Além das centenas reunidas para um grupo de busca, um xerife de New Hampshire trouxe um sabujo para farejar o menino desaparecido. O cão foi capaz de captar seu cheiro, mas perdeu abruptamente a trilha em uma encruzilhada próxima, sugerindo um possível sequestro por um motorista.
À medida que o caso se arrastava sem resolução, alguns sugeriram que Jepson conheceu uma morte prematura nas mãos de seus pais e foi jantar para os porcos. Mas, de acordo com a estranha sensação do Triângulo de Bennington, o pai do menino disse ao Albany Times Union que talvez fosse “a sedução das montanhas” que atraía seu filho desaparecido, já que o garoto “não falava de nada por dias”. ”Antes do desaparecimento.

Apenas cerca de duas semanas depois, Frieda Langer, de 53 anos, uma experiente caminhante e sobrevivente familiarizada com a área, desapareceu na área de Somerset, na Long Trail, na fronteira com o leste de Glastenbury.

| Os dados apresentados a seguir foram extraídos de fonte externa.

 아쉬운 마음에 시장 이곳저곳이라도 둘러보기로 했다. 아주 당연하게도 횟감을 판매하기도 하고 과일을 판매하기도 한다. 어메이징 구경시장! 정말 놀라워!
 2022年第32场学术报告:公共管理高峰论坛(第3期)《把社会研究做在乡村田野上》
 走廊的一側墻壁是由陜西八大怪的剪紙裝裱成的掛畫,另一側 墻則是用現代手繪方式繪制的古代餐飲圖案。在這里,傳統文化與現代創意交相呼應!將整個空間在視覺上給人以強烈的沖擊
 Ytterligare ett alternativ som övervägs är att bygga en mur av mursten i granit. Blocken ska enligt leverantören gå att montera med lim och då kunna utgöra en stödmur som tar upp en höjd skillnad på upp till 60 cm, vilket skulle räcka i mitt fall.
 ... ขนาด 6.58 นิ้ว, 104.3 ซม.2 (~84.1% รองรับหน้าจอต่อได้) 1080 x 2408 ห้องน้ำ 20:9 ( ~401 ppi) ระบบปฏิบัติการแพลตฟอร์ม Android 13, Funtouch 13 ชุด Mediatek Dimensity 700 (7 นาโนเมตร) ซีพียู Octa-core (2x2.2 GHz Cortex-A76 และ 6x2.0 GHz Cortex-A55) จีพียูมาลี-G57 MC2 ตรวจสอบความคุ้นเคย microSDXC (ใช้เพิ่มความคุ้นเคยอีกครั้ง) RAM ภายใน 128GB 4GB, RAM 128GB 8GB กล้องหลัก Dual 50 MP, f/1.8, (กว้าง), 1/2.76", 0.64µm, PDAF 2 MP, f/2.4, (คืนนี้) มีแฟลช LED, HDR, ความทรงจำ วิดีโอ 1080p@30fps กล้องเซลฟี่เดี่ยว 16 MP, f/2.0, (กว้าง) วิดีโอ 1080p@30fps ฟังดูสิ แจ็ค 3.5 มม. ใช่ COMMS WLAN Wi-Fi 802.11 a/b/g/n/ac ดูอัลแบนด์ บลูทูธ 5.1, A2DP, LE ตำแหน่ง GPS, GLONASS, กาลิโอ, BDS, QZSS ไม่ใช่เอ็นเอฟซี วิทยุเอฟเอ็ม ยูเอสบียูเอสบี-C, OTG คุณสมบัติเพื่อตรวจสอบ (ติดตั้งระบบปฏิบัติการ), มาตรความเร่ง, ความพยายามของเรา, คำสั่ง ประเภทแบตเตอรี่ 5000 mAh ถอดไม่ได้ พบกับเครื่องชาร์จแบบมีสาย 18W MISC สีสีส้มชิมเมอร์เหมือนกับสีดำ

Depois de caminhar uma breve meia milha com seu primo Herbert Eisner, Langer caiu em um córrego e voltou para o acampamento para trocar de roupa, onde o marido estava descansando com um joelho machucado. Mas nem seu marido nem sua prima a viram novamente.

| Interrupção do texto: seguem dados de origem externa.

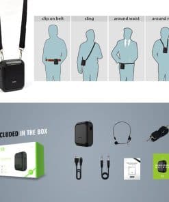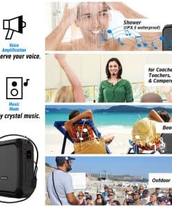 Si desea proyectar su voz en un grupo pequeño o grande en voz alta o disfrutar de una hermosa música mientras se ducha, este amplificador de voz portátil resistente al agua es lo que está buscando. Venga y obtenga este altavoz bluetooth para su uso en actividades especiales al aire libre. Micrófono con Auriculares Ajustable y Cómodo Viene con un micrófono con auriculares con cable ajustable súper ligero y cómodo, puede permanecer en su cabeza bien, no duele su cabeza después de un largo período de tiempo. Rápido y fácil de emparejar su dispositivo Bluetooth con este altavoz bluetooth Encienda el amplificador de voz e ingrese al modo Bluetooth. Luego encienda el bluetooth de su dispositivo, busque SD-M800 y conéctese, se conectará exitosamente con la advertencia de voz ¡Bluetooth conectado! Amplia Aplicación Este altavoz bluetooth portátil M800 es perfecto para exteriores, maestros, canto, entrenadores, presentaciones, instructores de fitness, yoga, personas mayores, guías turísticos o personas que tienen una voz suave, enfermedad de parkinson. Especificaciones del Amplificador de Voz Bluetooth: Potencia de Salida: 18W Capacidad de la Batería: 3.7V, 4400mAh Voltaje de Carga: 5V, 1A Tiempo de Carga: 3-5 horas Tiempo de Trabajo: 10-12 horas (depende del volumen que controle) Consejos cálidos Por favor, cargue primero el altavoz y el micrófono antes de usarlo. El amplificador de voz soporta además del micrófono con cable, micrófono inalámbrico UHF. Al grabar, por favor inserte primero el USB o la tarjeta SD. Amplificador de Voz Portátil para Maestros, Altavoz Bluetooth Impermeable Portátil para Ducha al Aire Libre, Sistema de Micrófono y Altavoz Portátil Recargable Mini Sistema de PA, Altavoz Amp Bluetooth con Micrófono Amplificador de Voz con Auricular 18W Altavoz Bluetooth Portátil Megáfono Altavoz de Voz Altavoz de Amplificación de Potencia Bancaria Resistente al Agua IPX5 para Exteriores, Ducha, Enseñanza, Reuniones, Entrenamiento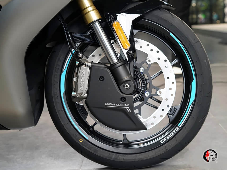 钢制车架,整备质量171kg,单摇臂设计便于维护。795mm座高,14L油箱续航约300km。前37mm倒置减震+多连杆后减震,刹车采用前Brembo四活塞卡钳+320mm单盘,标配ABS及可调TCS。
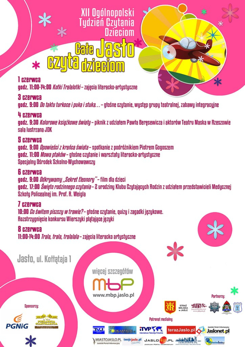 Tegoroczne hasło akcji, organizowanej już po raz dwunasty przez Fundację „ABCXXI Cała Polska czyta dzieciom”, w którą włącza się jasielska Biblioteka, brzmi „Czytanie dzieciom – najlepsza inwestycja”. Inspiracją do działań będzie twórczość Juliana Tuwima, która od pokoleń bawi i uczy najmłodszych czytelników. Dzieci wysłuchają głośnego czytania wierszy autora słynnej „Lokomotywy” w wykonaniu dorosłych, wezmą udział w kolorowym Dniu Dziecka w Tuwimolandii, pikniku z udziałem Pawła Beręsewicza i Teatru Maska z Rzeszowa oraz sprawdzą, co świtem piszczy w trawie. Święto czytania będzie także okazją do niecodziennych spotkań dzieci ze strażakami i policjantami, kreatywnych zajęć literacko-artystycznych z Panem Hilarym i Słoniem Trabalskim w roli głównej czy gier słownych z Zosią Samosią i Dyziem Marzycielem. Nie zabraknie również barwnych parad inspirowanych postaciami z wierszy Tuwima, projekcji filmu oraz zabaw z harcerzami i mnóstwa innych atrakcji, a wszystko po to, by zachęcić dzieci do czytania, a dorosłych przekonać, że wspólne, głośne czytanie dzieciom jest skuteczną i przyjazną metodą wspomagania ich wszechstronnego rozwoju – psychicznego, umysłowego, społecznego i moralnego - oraz budowania zasobów wewnętrznych dziecka: kompetencji emocjonalnych i intelektualnych.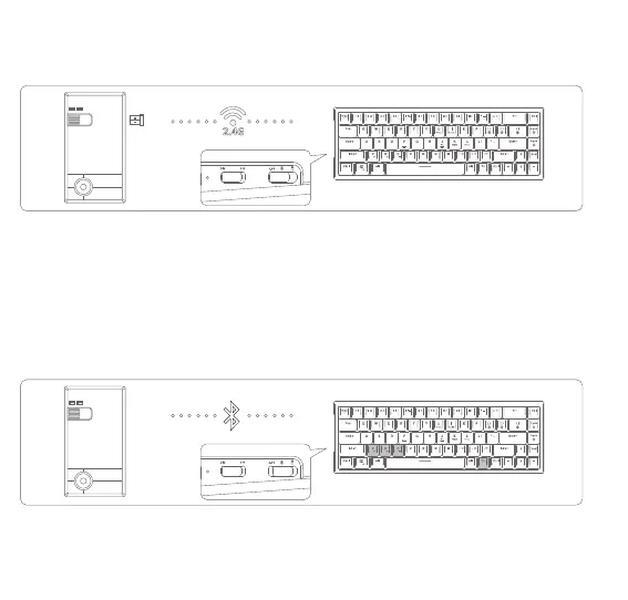the lower side of the keyboard to 2.4G mode (The indicator light will keep on green for 10 seconds).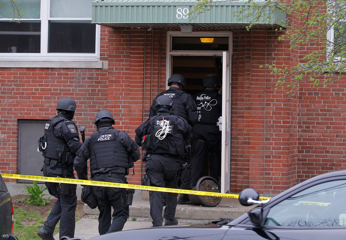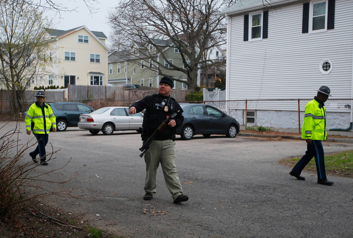 A operação envolve nove mil agentes. Tudo esteve focado no chamado "suspeito n.º 2" e em Watertown, onde a polícia levou a cabo buscas casa a casa. As televisões mostraram imagens de polícias a entrarem numa habitação que se presume ser a do suspeito e a levarem uma mulher para o exterior. A polícia pediu entretanto aos media para não comprometerem a operação ao transmitir as imagens das casas em que está a entrar. À tarde (cerca das 17h45 em Lisboa) a polícia estimava ter completado "60% a 70% por cento" das buscas. O responsável da polícia de Boston, Timothy Allen, disse que ainda havia, no entanto, "muito trabalho a fazer".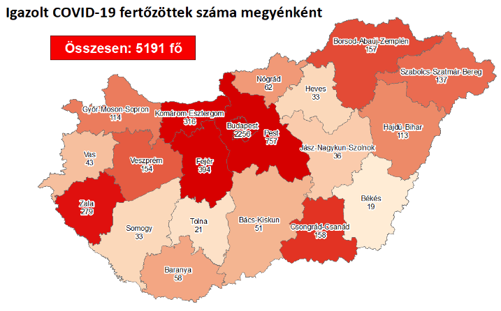 36 újabb magyar állampolgárnál mutatták ki az új koronavírus-fertőzést (COVID-19), ezzel 5191 főre nőtt a hazánkban beazonosított fertőzöttek száma. Az elhunytak száma változatlanul 613 fő, 3695-en pedig már meggyógyultak. Az aktív fertőzöttek száma 883 fő. Az aktív fertőzöttek 35%-a, az elhunytak 60%-a, a gyógyultak 43%-a budapesti. 59 koronavírusos beteget ápolnak kórházban, közülük 9-en vannak lélegeztetőgépen.

Helicópteros da Guarda Costeira de Connecticut e do Exército dos EUA em Massachusetts, bem como aeronaves locais de cidadãos e da Comissão de Aeronáutica de Vermont, ajudaram a procurar Langer. Cerca de 400 pessoas, incluindo a Guarda Nacional de Massachusetts, revistaram meticulosamente as áreas vizinhas, mas não encontraram nada.

Os intrigantes mistérios e eventos inexplicáveis ​​associados ao Triângulo de Bennington fizeram com que muitos especulassem loucamente sobre a possibilidade de forças nefastas e talvez paranormais em ação, uma noção reforçada por alegados avistamentos de OVNIs e Pé Grande na região.

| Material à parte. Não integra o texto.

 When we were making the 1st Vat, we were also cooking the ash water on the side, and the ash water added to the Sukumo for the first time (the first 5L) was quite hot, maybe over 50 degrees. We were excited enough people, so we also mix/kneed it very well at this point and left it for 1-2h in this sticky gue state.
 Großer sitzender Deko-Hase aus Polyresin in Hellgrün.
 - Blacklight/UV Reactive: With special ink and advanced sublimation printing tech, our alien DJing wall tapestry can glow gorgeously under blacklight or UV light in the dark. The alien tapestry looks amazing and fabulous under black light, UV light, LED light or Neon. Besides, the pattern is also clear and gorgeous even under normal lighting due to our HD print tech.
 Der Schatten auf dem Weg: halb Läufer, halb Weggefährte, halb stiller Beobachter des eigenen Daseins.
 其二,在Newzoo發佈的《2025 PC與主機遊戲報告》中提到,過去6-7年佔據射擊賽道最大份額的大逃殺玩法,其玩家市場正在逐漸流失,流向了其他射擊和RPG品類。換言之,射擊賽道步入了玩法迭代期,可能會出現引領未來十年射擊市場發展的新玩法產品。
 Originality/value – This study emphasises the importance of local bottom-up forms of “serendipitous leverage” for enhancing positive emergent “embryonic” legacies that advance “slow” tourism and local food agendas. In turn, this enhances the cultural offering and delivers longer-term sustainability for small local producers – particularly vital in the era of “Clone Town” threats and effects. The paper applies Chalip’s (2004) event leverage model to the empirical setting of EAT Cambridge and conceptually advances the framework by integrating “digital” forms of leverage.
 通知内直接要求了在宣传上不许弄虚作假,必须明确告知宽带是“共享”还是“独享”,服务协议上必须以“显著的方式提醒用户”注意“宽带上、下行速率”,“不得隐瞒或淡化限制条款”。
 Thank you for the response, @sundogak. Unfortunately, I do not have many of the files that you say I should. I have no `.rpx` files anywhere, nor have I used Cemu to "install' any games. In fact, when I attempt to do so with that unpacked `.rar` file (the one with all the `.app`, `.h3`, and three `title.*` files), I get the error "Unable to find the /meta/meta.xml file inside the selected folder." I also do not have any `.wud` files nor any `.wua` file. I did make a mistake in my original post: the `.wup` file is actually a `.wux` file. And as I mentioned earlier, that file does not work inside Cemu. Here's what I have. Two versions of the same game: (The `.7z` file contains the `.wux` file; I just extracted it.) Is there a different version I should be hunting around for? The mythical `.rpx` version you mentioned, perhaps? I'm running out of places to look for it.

Outros acreditam que a explosão de pessoas desaparecidas entre 1945 e 1950 pode ter sido obra de um serial killer. Mas a absoluta falta de evidências para comprovar isso, bem como a variedade nas idades e sexos das vítimas (desafiando os padrões usuais de serial killers) provavelmente também exclui essa teoria.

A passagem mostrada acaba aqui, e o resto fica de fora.